Your task:
From the line that contains "These glass-fronted, spacious" to the final line below, both included, print each line exactly and skip the pictures.
(Data segment)
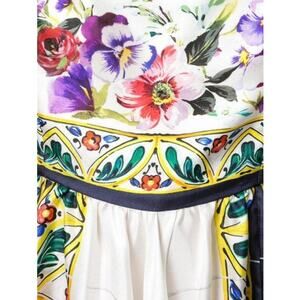 Step into the vibrant world of Dolce and Gabbana's 2017 Capri collection with this exquisite Majolica floral panel dress crafted in Italy from luxurious white silk. The standout feature of this dress is its asymmetric hem on the pleated skirt, adding a touch of modernity and movement to the classic silhouette. The iconic Majolica print, inspired by traditional Italian ceramics, adorns the entire garment, creating a captivating and eye-catching design. The dress also features tie-up shoulder straps and a square neckline. With its empire waist and fluid skirt, this knee-length dress effortlessly flatters the wearer's figure and exudes a sense of timeless sophistication. Embrace the essence of Dolce and Gabbana's signature style with this enchanting dress.
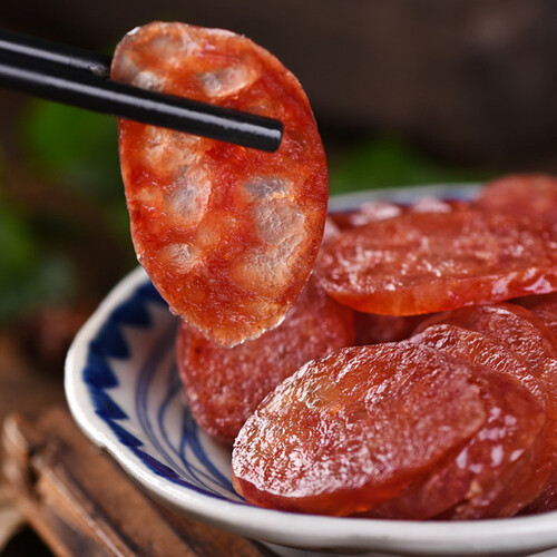 以肥瘦相间的猪肉作原料,经过多道工序加工制作而成,肉质紧实,口感醇香。
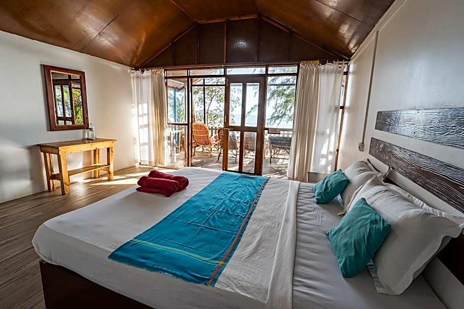 These glass-fronted, spacious cabins have a great sea view from their balcony. Set slightly further back than our Front Sea View Cabins, they sit in our maturing garden. They are simply decorated with a white interior, Indian textiles and cooling floor tiles. These huts are equipped with a king-sized double bed, high-quality mattress, ceiling fan, bedside table, shelving unit, dressing table and wardrobe. The bathroom is equipped with a western-style toilet, hot water shower and hand basin.
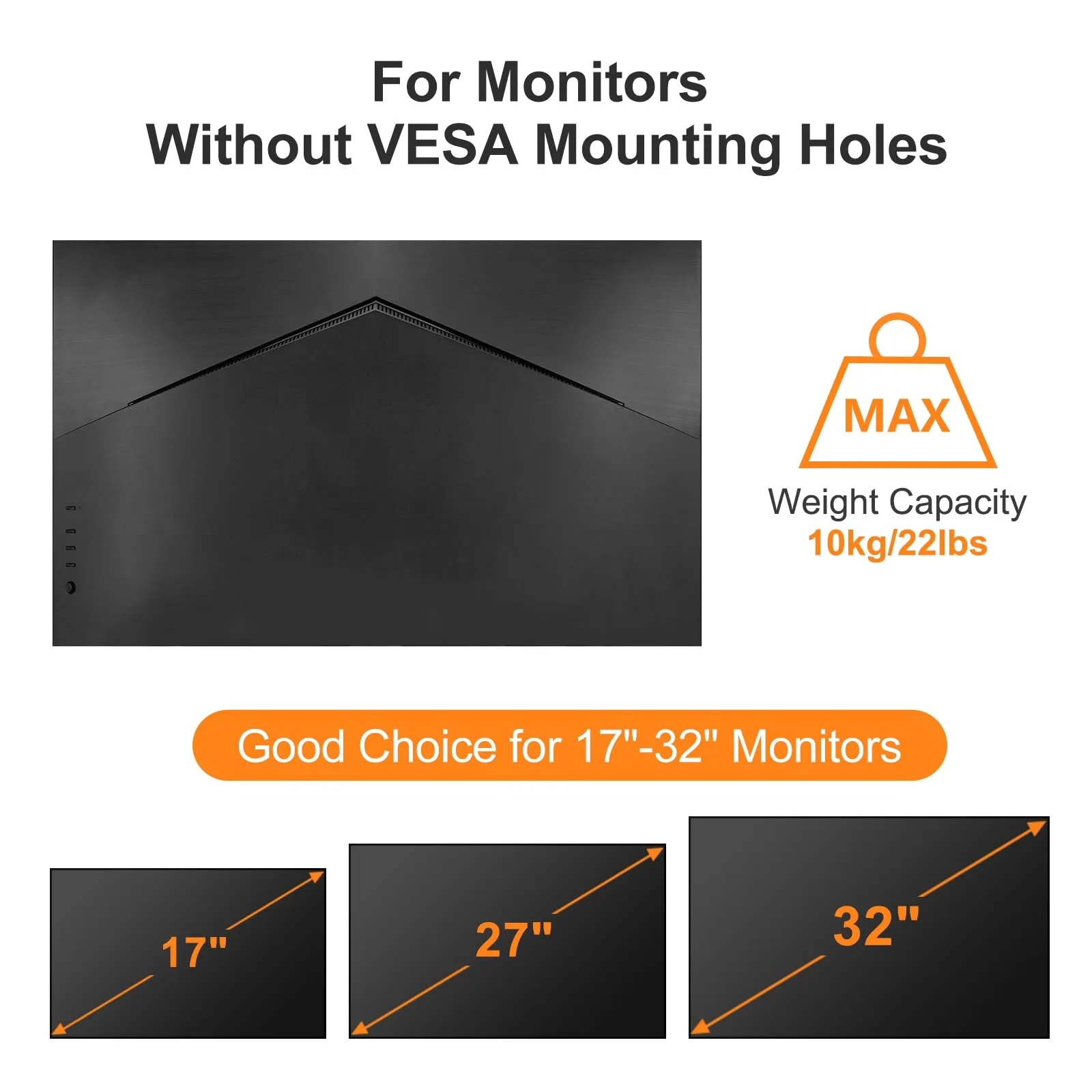 【商品仕様】VESA穴のないモニターを、モニターアームに取り付けられる、モニターマウントホルダーです。耐荷重:8kg対応サイズ:17~32インチ厚さ:25.4~76.2mmの厚さのほとんどのモニターをサポートします。
(End Data segment)
Exercise output:
 These glass-fronted, spacious cabins have a great sea view from their balcony. Set slightly further back than our Front Sea View Cabins, they sit in our maturing garden. They are simply decorated with a white interior, Indian textiles and cooling floor tiles. These huts are equipped with a king-sized double bed, high-quality mattress, ceiling fan, bedside table, shelving unit, dressing table and wardrobe. The bathroom is equipped with a western-style toilet, hot water shower and hand basin.
 【商品仕様】VESA穴のないモニターを、モニターアームに取り付けられる、モニターマウントホルダーです。耐荷重:8kg対応サイズ:17~32インチ厚さ:25.4~76.2mmの厚さのほとんどのモニターをサポートします。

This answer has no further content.